Porta was born in Milan to Giuseppe Porta and Violante Gottieri, a merchant family. He studied in Monza until 1792 and then in the Seminario of Milan. In 1796, the Napoleonic Warspushed Porta to find a job in Venice and he remained there until 1799. From 1804 until his death, Porta worked as government employee, although he would have been pleased to keep on studying. In 1806, he married Vincenza Prevosti. He died in Milan in January 1821 from an attack of gout and was buried in the Church of San Gregorio. His tomb was subsequently lost, but his tombstone Is still conserved in the vault of San Gregorio church, in Milan.
Works
Porta began to write poems in 1790, although few of them were published before 1810. In 1804-1805 he worked at a Milanese translation of the Divine Comedy, which he, however, left unfinished.

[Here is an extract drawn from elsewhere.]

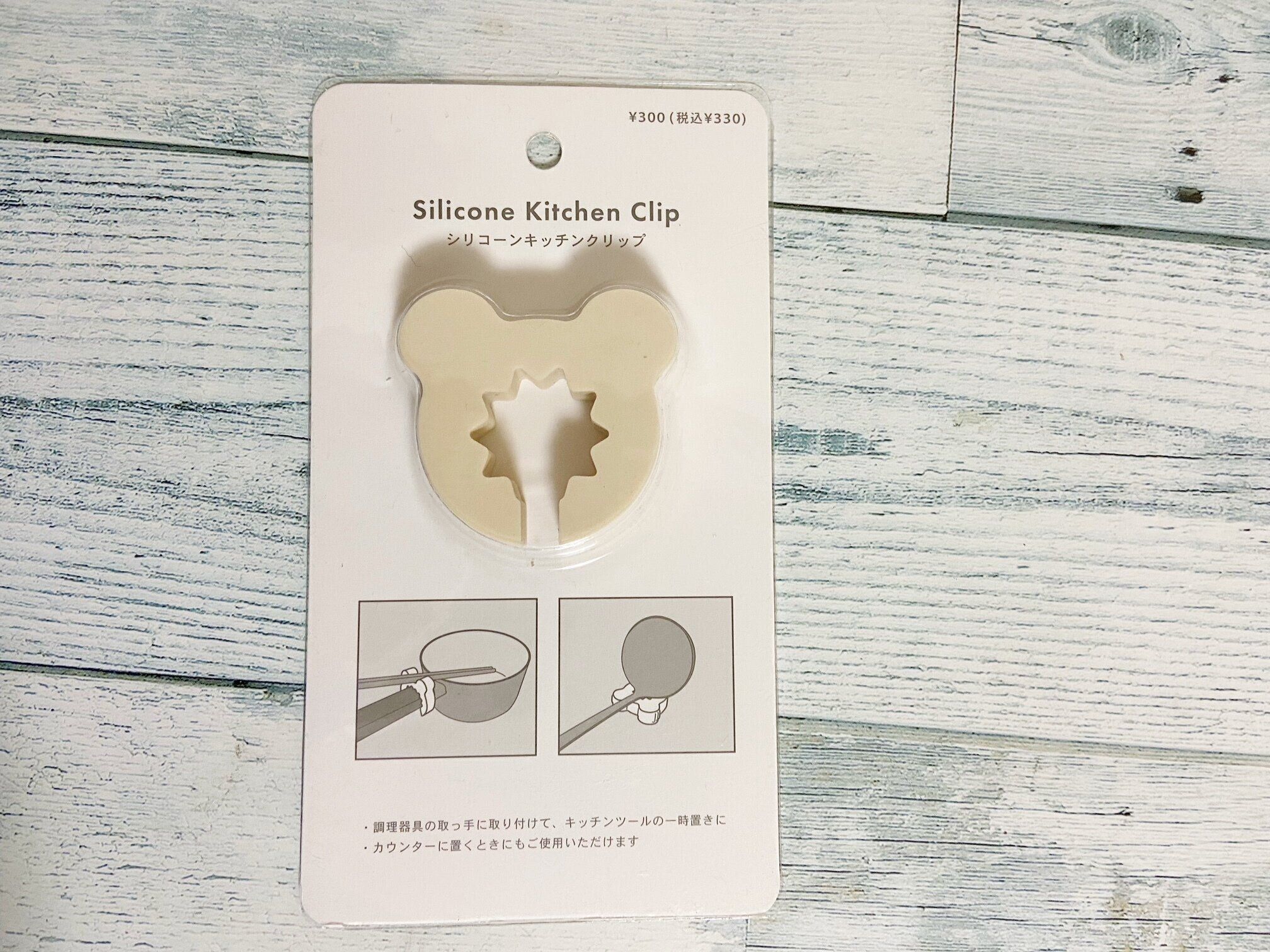 「シリコーンキッチンクリップ」(330円)は毎日のお料理に大活躍してくれるキッチンアイテム。デザインは筆者が購入したBEARデザインの他にSQUAREデザインの全2種類。シリコーンゴム製で耐熱温度:180℃・耐冷温度:-20℃です。

In these years the progressive group that formed round him and called themselves the "Cameretta Portiana" included Giuseppe Bossi, who painted a group portrait of four Amici della Cameretta Portiana. In 1810, Brindisi de Meneghin all'Ostaria was published. This was one of many works by Porta featuring Meneghino. His best season began two years later, with Desgrazzi de Giovannin Bongee. His works can be divided into three categories: works against superstition and religious hypocrisy, descriptions of vivid Milanese popular characters, and political works. The first one includes Fraa Zenever, On Miracol, Fraa Diodatt, La mia povera nonna la gh'aveva. His political satires were mainly sonnets, such as Paracar che scappee de Lombardia, E daj con sto chez-nous, ma sanguanon , Marcanagg i politegh secca ball, Quand vedessev on pubblegh funzionari. Porta satirized the upcoming new Milanese aristocracy, too, in La nomina del cappellan, making a parody of the episode of the "vergine cuccia" in Il Giorno , by Giuseppe Parini. His best works are probably those portraying the Milanese popular life, with the collections Olter desgrazzi de Giovannin Bongee , El lament del Marchionn di gamb avert and what is generally considered his masterwork, La Ninetta del Verzee, a meaningful and heartbreaking monologue/confession of a prostitute. In 1816 Porta joined the Romantic literarian movement, obviously in his own way: in the very last strophe, he called himself a dumb, meaning instead the opposite. But see the following issue.
Curiosity
It was in honor of Carlo Porta that Alessandro Manzoni, the father of the contemporary Italian language, wrote his only poem in the Lombard language, namely: On badee ch’el voeur fà de sapientôn / el se toeu subet via per on badee; / ma on omm de coo ch’el voeur parè minciôn / el se mett anca luu in d'on bell cuntee.